News 10 October 2018

Top Tips on How to Spot Phishing Emails

Adam shares his top 5 tips on spotting suspicious emails.

Adam Gorton, Service Delivery Manager, Fabric

With 7 years’ experience working on IT service desks, I’ve come across thousands of different support requests. Having been at Fabric for over 2 years now, we’ve noticed a significant increase in email related tickets, particularly phishing emails.


What is phishing?

“Phishing is the fraudulent attempt to obtain sensitive information such as usernames, password and credit card details (and money), often for malicious reasons, by disguising as a trustworthy entity in an electronic communication.”


We believe it’s always better to prevent than resolve issues where possible. Especially now where data protection is extremely important for complying to GDPR regulations. That’s why I’m sharing…


My 5 Tips on How to Spot Phishing Emails:


1. Spelling and Grammar

Often these emails originate from other countries, so they may contain spelling mistakes or poor Grammar. Look out for language from others which seems unusual or out of the norm.


2. Attachments/Links

Are you expecting an attachment or link from the sender? If in doubt, treat the email with caution, don’t click any links and give them a call to make sure it’s legitimate.

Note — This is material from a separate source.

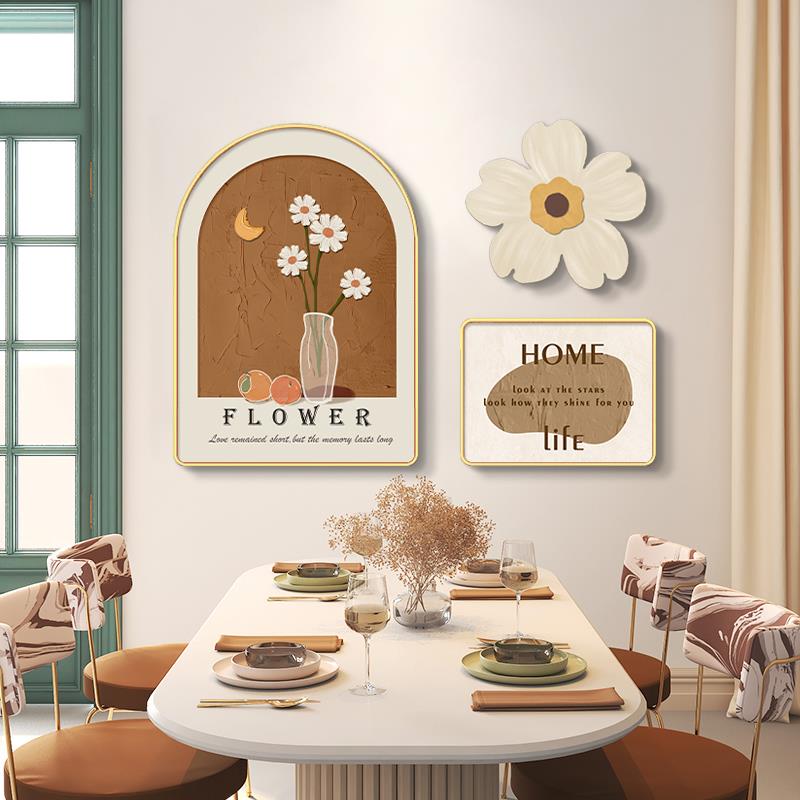 北欧餐厅装饰画现代简约饭厅背景墙壁画文艺复古创意餐桌组合挂画

3. Check the sending email address

The email may appear to be from a sender you recognise but this may just be a display name. Check the email address is the same as you would normally expect to see before clicking any unexpected attachments or responding.

4. Bank Details/Invoices

If an email contains banking information or invoices but the details have changed from previous correspondence, pick up the phone to ensure these are correct before sending any payments. Hackers are getting more sophisticated in their attempts to get financial rewards and we have seen invoices being amended with incorrect bank details.

5. Urgent/Action Required

Often spam emails will contain wording that makes the email look of high importance to get a quicker response without looking at the real sender. Emails could show text such as “Urgent, mailbox full”. If you receive emails like this, check in with your IT provider to ensure that this is not the case instead of clicking any links which promise to increase space or allow you to purchase more.

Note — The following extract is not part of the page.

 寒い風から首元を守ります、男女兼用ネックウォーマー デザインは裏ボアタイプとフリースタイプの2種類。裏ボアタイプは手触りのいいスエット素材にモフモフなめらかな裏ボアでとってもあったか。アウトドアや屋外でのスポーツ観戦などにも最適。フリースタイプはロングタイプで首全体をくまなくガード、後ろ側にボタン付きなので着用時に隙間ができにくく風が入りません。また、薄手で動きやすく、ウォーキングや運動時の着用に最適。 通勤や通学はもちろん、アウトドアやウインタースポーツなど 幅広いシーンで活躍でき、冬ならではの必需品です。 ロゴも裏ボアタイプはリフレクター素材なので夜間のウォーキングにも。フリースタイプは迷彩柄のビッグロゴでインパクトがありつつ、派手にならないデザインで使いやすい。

How to Prevent Phishing and Spam Emails from Reaching Your Inbox

I’d highly recommend adding Advanced Threat Protection to your Office 365 services. This provides further protection to the email service that Microsoft currently offer by performing additional tasks in the background before the email reaches your inbox. It will scan any links and attachments to see if there is anything malicious or unusual.

Alongside these features, it will also work with Microsoft’s spoofing team to recognise networks and senders that have carried out spoofing attacks previously.


Thanks for reading my first blog.

Share these tips with your organisation and ensure everyone knows that if an email looks dodgy, don’t click any links!